# Whispernet download time.



## mwvickers (Jan 26, 2009)

I normally cannot use Whispernet, as I cannot pick it up at my house.  The few times I have tried, however, (at my in-laws', etc.) it has actually taken about five minutes or so for a book I order to download to the Kindle.  It takes about the same amount of time to switch a book over to my Kindle that is on my father's (we share an account).

Does anyone else's Whispernet sometimes take this long?


----------



## Mikuto (Oct 30, 2008)

Though it depends, Whispernet generally downloads a book within a minute or so for me. I've emailed things to my kindle and had them arrive no more than two minutes later as well.

However I live in the San Francisco Bay Area which is saturated with cell phone towers. I always have five bars, and it's possible that this makes a difference in speed.


----------



## Guest (Jan 28, 2009)

Ours usually takes about 1-2 minutes.

But I live in the same city as the Alltel HQ.


----------



## Mom2AshEmBella (Dec 8, 2008)

I have found that it is highly variable for me. I Live in the middle of a major metropolitan area, tons of towers everywhere, I almost always have 5 bars etc. Sometimes I can download in about 30 seconds, sometimes a couple of minutes. Sometimes Whispernet is down and I just download it to my laptop. I have found that in nonpeak times, it is much faster.


----------



## Sofie (Dec 30, 2008)

My download time is sometimes 5 minutes or longer. We have Verizon and At&T where I'm located. I have to drive 30 miles for an area saturated with Sprint. Five minutes is still better than driving 30 minutes to the bookstore.


----------



## mwvickers (Jan 26, 2009)

Bluebell,

As long as I'm not the only one.  LOL


----------



## Sofie (Dec 30, 2008)

I live smack dab in the middle between St. Louis, MO and Springfield, IL. It's an hour drive both ways to get to Barnes & Noble (my personal favorite) or Borders, if I want a choice. Luckily there is a Borders about 30 miles away in Edwardsville, IL. and the nearest Sprint coverage.


----------



## Sioux (Nov 26, 2008)

I live in Portland Oregon and I frequently see the download notice at the bottom coming in as soon as the "thank you for purchasing or ordering a sample" screen comes up, so it's literally a few seconds some times.  I didn't realize how lucky I am, I guess, although I have occasionally found that emailed documents can take a long time, occasionally over an hour although usually only a few minutes.


----------



## Vegas_Asian (Nov 2, 2008)

Takes about a minute for me...but I live in a big city


----------



## Cowgirl (Nov 1, 2008)

In the Phoenix area mine downloads in about 30 seconds.


----------



## Sofie (Dec 30, 2008)

> Takes about a minute for me...but I live in a big city





> In the Phoenix area mine downloads in about 30 seconds.

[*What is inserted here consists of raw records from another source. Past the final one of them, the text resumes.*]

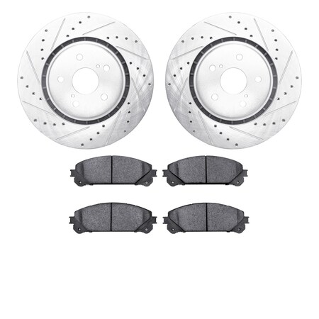 Dynamic Friction Company Front Brake Rotors Drilled and Slotted Silver with 5000 Advanced Brake Pads - 7502-75042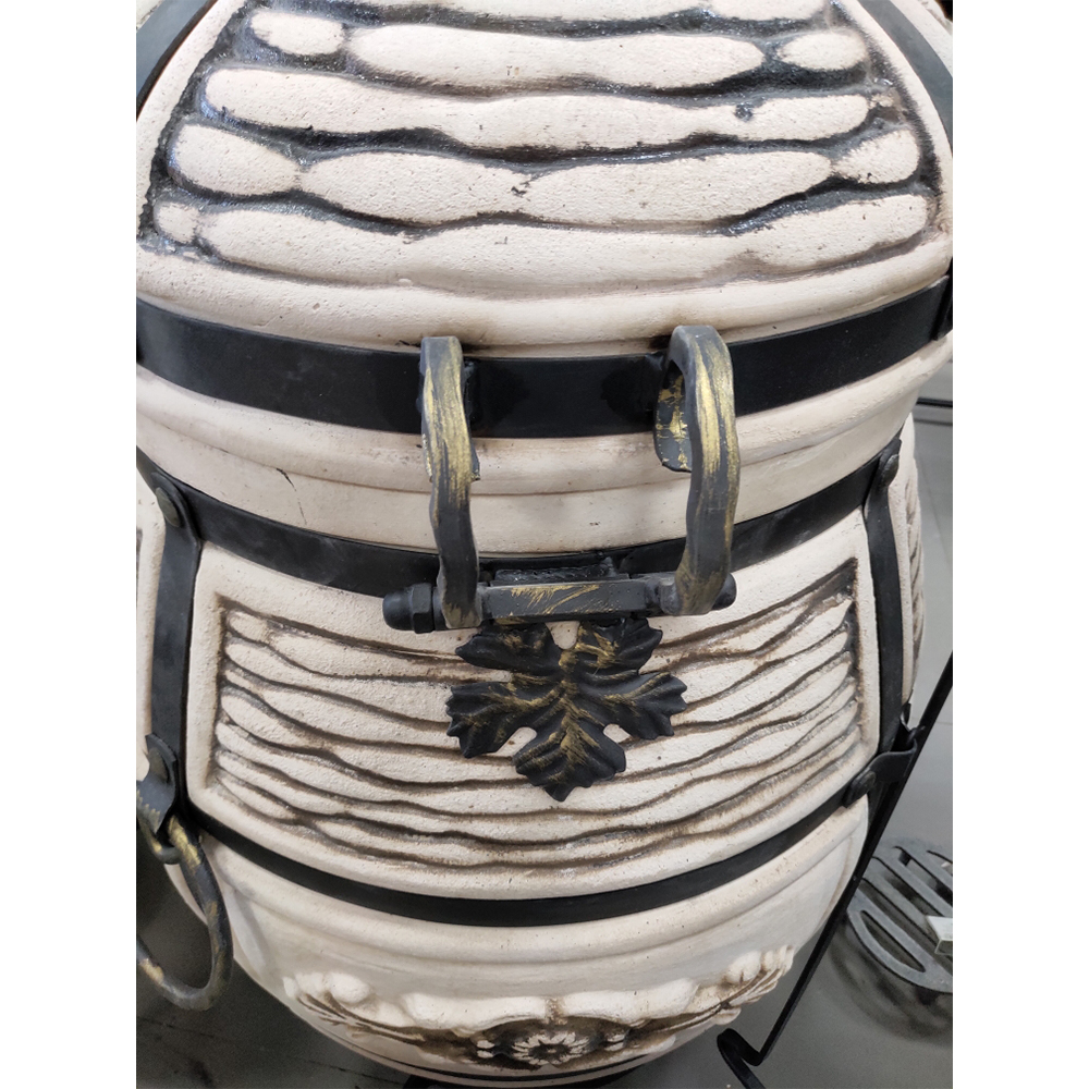 Традиционно для Технокерамики тандыры украшаются декоративным орнаментом и росписью ручной работы. Крышка - без прорезей для шампуров, что улучшает удержания тепла внутри тандыра.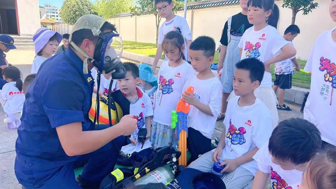 为了提高孩子们的消防安全防范意识和能力,普及孩子们的消防安全知识,增强孩子们的自防自救及社会实践能力,以及迎接即将到来的八一建军节,2024年7月29日上午,固始县图书馆联合固始县金话筒教育走进固始县消防救援大队开展“图书送进消防队 书香浸润火焰蓝”主题活动,参观实践,认识消防器材,学习消防知识,与消防员叔叔近距离接触,感受消防员叔叔的风采。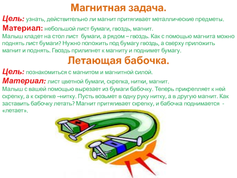 Малыш с вашей помощью вырезает из бумаги бабочку. Теперь прикрепляет к ней скрепку, а к скрепке –нитку. Пусть возьмет в одну руку нитку, а в другую магнит. Как заставить бабочку летать? Магнит притягивает скрепку, и бабочка поднимается - «летает».

Ya, ya, rub it in! . If someone were to look through my windows, they would see me holding my Kindle by open windows, the doorway, etc. I walk around the house and when I get full bars, I stop and try to download. Sometimes my Kindle is propped up in the window if I'm waiting for a download to get better reception. The things we do for books.
Seriously though, I love the Whispernet feature no matter how long it takes to download.


----------



## sebat (Nov 16, 2008)

Bluebell said:


> Ya, ya, rub it in! . If someone were to look through my windows, they would see me holding my Kindle by open windows, the doorway, etc. I walk around the house and when I get full bars, I stop and try to download. Sometimes my Kindle is propped up in the window if I'm waiting for a download to get better reception. The things we do for books.
> Seriously though, I love the Whispernet feature no matter how long it takes to download.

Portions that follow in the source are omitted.